[jira] [Created] (HBASE-12590) A solution for data skew in HBase-Mapreduce Job
Weichen Ye (JIRA <jira@...
2014-11-27 01:59:12 GMT
Weichen Ye created HBASE-12590:
Summary: A solution for data skew in HBase-Mapreduce Job
Issue Type: Improvement
Affects Versions: 2.0.0
Reporter: Weichen Ye
In production environment, data skew is a very common case. A HBase table always contains a lot of small
regions and several large regions. Small regions waste a lot of computing resources. If we use a job to scan
a table with 3000 small regions, we need a job with 3000 mappers. Large regions always block the job. If in a
100-region table, one region is far larger then the other 99 regions. When we run a job with the table as
input, 99 mappers will be completed very quickly, and we need to wait for the last mapper for a long time.

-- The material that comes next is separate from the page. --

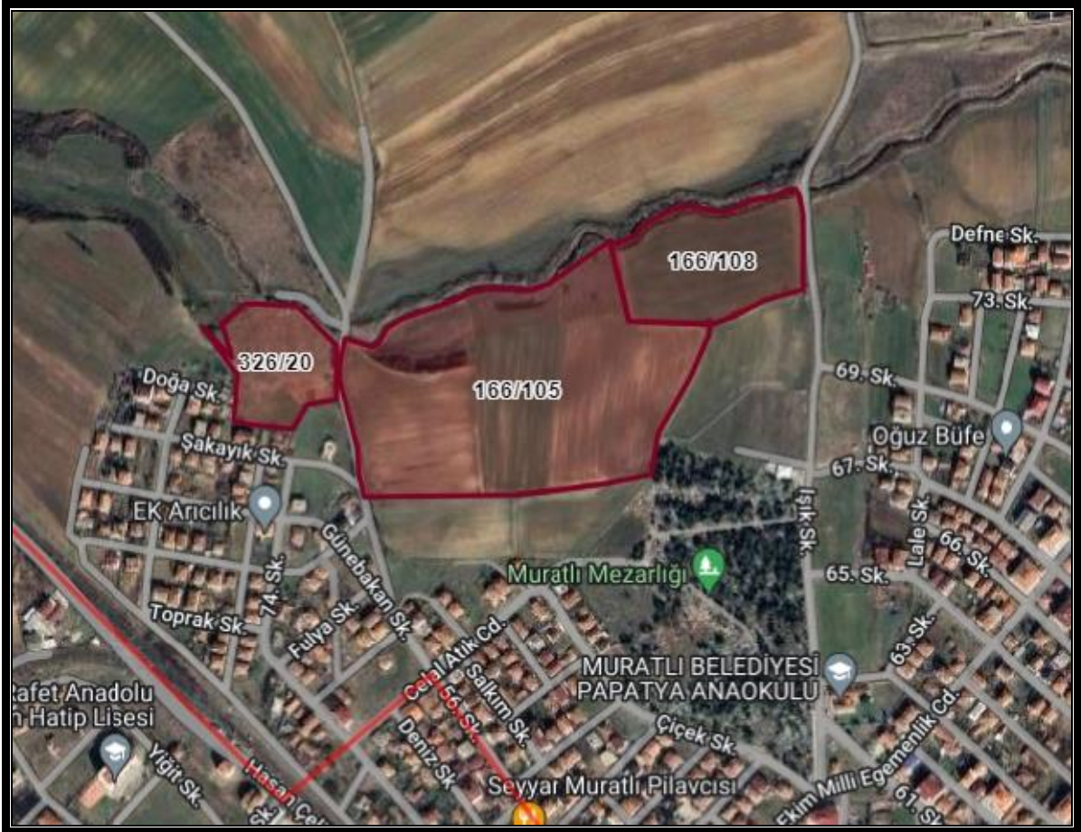
Harita 1: Planlama Alanına Ait Uydu Görüntüsü

Planlama alanı Tekirdağ İli, Muratlı İlçesi, Kurtpınar Mahallesi sınırları içerisinde bulunan 166 ada 105-108 parseller ile 326 ada 20 parsel numaralı taşınmazları ve yakın çevresini kapsamaktadır. Planlama Alanı Ergene Nehri ve Çorlu çayına bağlantısı bulunan Kuru Dere'ye yakın konumdadır. İlçe Merkezine olan uzaklığı kuş uçuşu yaklaşık olarak 1 km'dir. Planlama alanına yakın konumda Muratlı İlçe Mezarlığı bulunmaktadır. Planlama alanı daha önceden imar uygulaması görmemiş, ancak çevrede bulunan parseller uygulamasını görmüş olup, yapılaşmalar bulunmaktadır. Planlama alanı kuzeyinde plan onama sınırı bulunmakta olup, sınırdan ilerisi Tarım Arazi olarak gözükmektedir. Ayrıca planlama alanına yakın konumda Muratlı OSB alanı bulunmaktadır.

Add two new configuration.
hbase.mapreduce.split.autobalance = true means enabling the “auto balance” in HBase-MapReduce
jobs. The default value is false.
hbase.mapreduce.split.targetsize = 1073741824 (default 1GB). The target size of mapreduce splits.
If a region size is large than the target size, cut the region into two split.If the sum of several small
continuous region size less than the target size, combine these regions into one split.